Correlation of hydrophilic aromatic residue

Given that aromatic residues are known to participate in ligand-binding function in CBMs, the identification of HARs was introduced into our homology-modeling scheme as they could serve ligand-binding aromatic residues. The occurrence times for the two upstream and downstream polar residues flanking 97 known ligand-binding aromatic residues were determined (see Table 3). In addition to the polar residues, the occurrence times for glycine and alanine were also determined. The large occurrence times for glycine and alanine can be rationalized on the basis of their relatively small sizes, which would minimize steric conflicts with their neighboring aromatic residues. Moreover, the HAR identification procedure can be used as a simple but effective sequence-based ligand-binding residue predictor. 97 known ligand-binding aromatic residues and 558 aromatic residues without experimental ligand-binding abilities in 49 CBM structure templates were used as positive and negative sets, respectively (see Supporting Information Table S2). In comparison with a sequence-based ligand-binding residue predictor, FRcons-lig [26], which combined information of amino acid conservation, secondary structure and relative solvent accessibility, the number of true positives for any given number of false positives was larger for HAR-based predictor than FRcons-lig as shown in Figure 6. With the cut-off threshold for the sum of weighted scores set to 97, the true positive and false positive percentages were 74.2% and 46.2%, respectively. Because some of the “real” ligand-binding aromatic residues have yet to be determined, the false and true positive percentage is an overestimation and underestimation, respectively. When more experimentally determined ligand-binding aromatic residues become available, the false and true positive percentage are expected to be decreased and increased, respectively. Furthermore, our intention was not just to build reliable in silico structures but also to be able to correlate structural aspects of CBMs with the corresponding experimental functional assays. Here, we mainly focused on the prediction of the HARs of CBMs that possibly bind substrate polysaccharides. In fact, a typical CBM ligand-binding site contains multiple aromatic and polar residues. To fully characterize the ligand-binding sites of CBMs, polar residues in the vicinity of the predicted HARs in the in silico structures may also be involved in ligand-binding function.

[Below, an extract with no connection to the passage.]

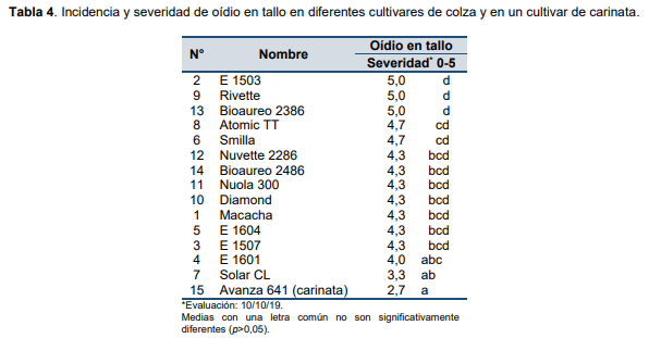 Los ensayos de evaluación de cultivares de colza en la EEA Paraná se caracterizan por la presencia de oídio todos los años, en general con elevados valores de incidencia y severidad a nivel del tallo. Durante el ciclo 2019, la incidencia en los cultivares de colza (datos no presentados) osciló entre 83,3 y 100%, mientras que en el cultivar de carinata fue del 38,3%, diferenciándose significativamente de las primeras. En relación a la severidad, la mayoría de los cultivares de colza superó el grado 4, a excepción de E 1601 y Solar CL quienes no difirieron significativamente del cultivar de carinata; este último registró el menor valor para dicho parámetro (Tabla 4).

Table 3. Occurrence times for residues that flank known ligand-binding aromatic residues.

G	N	S	T	D	A	Q	I	E	K	V	L	Y	P	C	M	F	H	R	W
49	43	34	34	33	30	27	22	22	20	16	13	9	8	6	6	6	4	3	3

Open in a new tab

The occurrence times were derived from the two upstream and downstream residues flanking 97 known aromatic ligand-binding residues and were transformed into weighted scores for HAR prediction.

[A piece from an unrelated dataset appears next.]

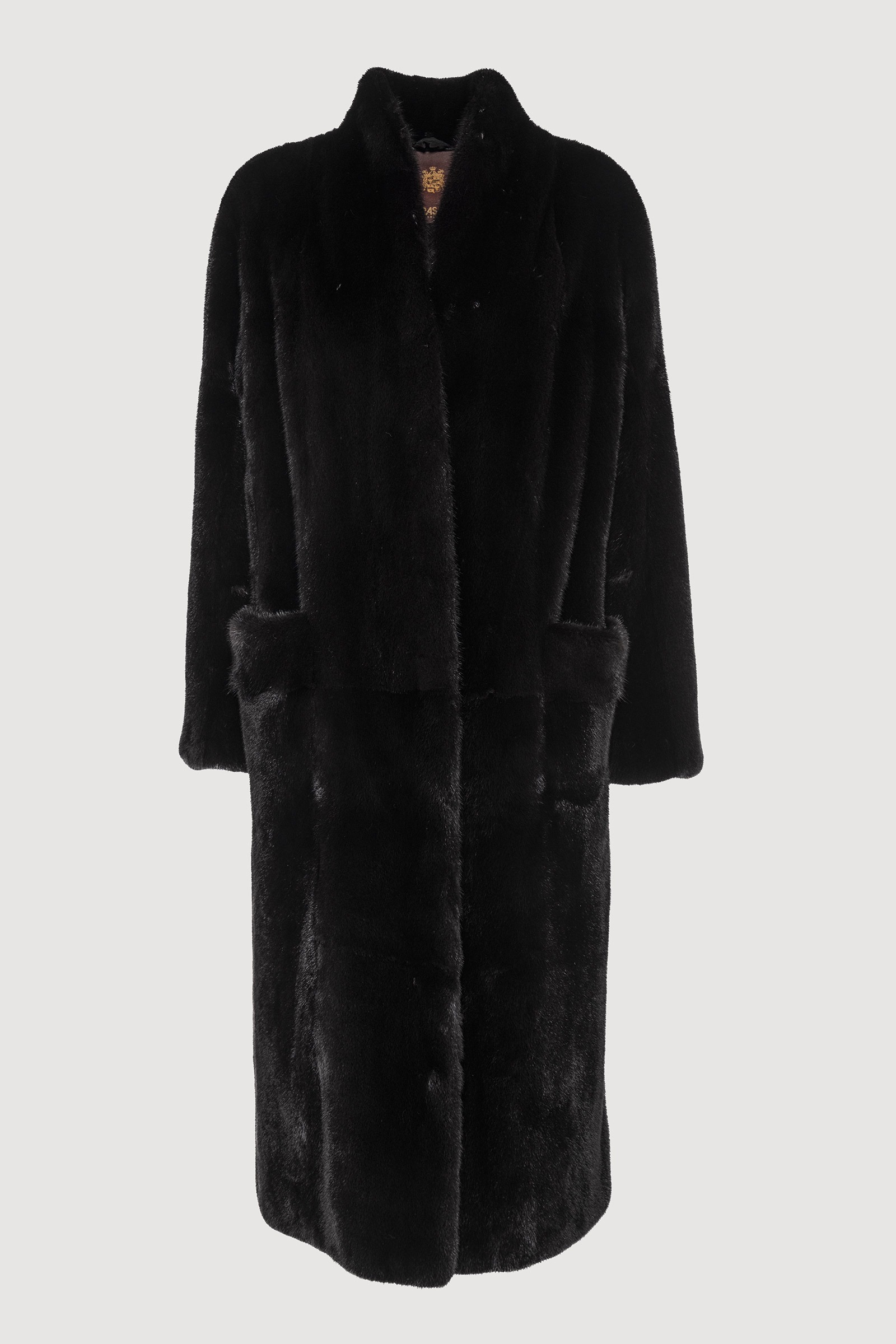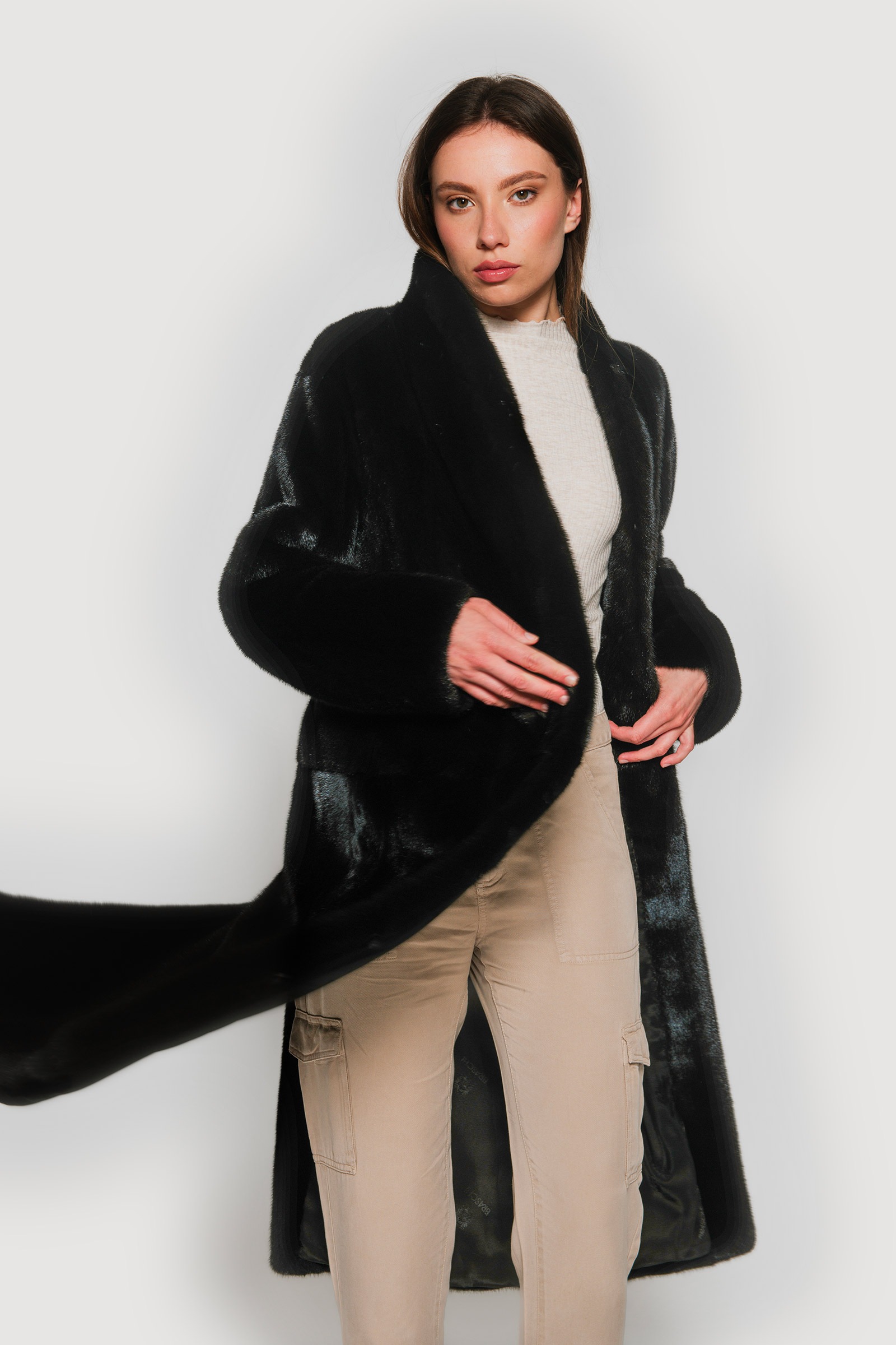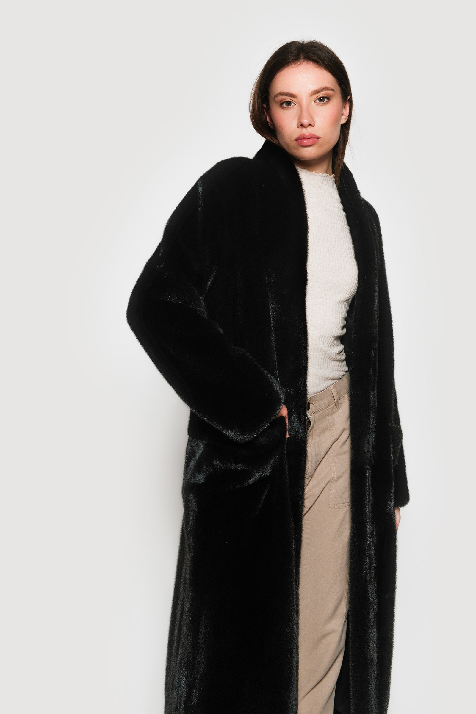 Long vertical mink jacket with shawl collar, button fastening, silk lining

97 known ligand-binding aromatic residues and 558 aromatic residues without experimental ligand-binding abilities in 49 template structures (see Supporting Information Table S2) are as positive and negative sets for prediction of ligand-binding aromatic residues, respectively. The ROC curves are generated by HAR-based and FRcons-lig [26] predictions.

How to use DS-CBMs

All in silico structures simulated in this study have been deposited into DS-CBMs at http://dscbm.life.nthu.edu.tw and http://dscbm.cs.ntou.edu.tw. The 817 target CBMs can be searched for by their CBM family, protein, or organism names, and by keywords. In answer to a query, matched CBMs with brief profiles as shown in Figure 7(A) are returned. Additionally, the CBM entry, organism, and structure template(s) are accessible via cross-database hyperlinks. Finally, the in silico structure with the best surface-potential z score is identified. Directly clicking on the structural preview image allows users to switch into the interactive 3D visualization interface where the structure can be manipulated as shown in Figure 7(B). Rotation and shift functions are provided in the control panel and all operating functions can be accessed by clicking the right mouse button. At the bottom, HARs and known ligand-binding residues are annotated in the sequence view. Finally, clicking on a specific amino acid within the target sequence highlights its position in the corresponding in silico structure. Researchers may also submit a CBM sequence to the on-line structure modeling system. When the modeling procedure is completed, a page similar to that shown in Figure 7(B) will be generated.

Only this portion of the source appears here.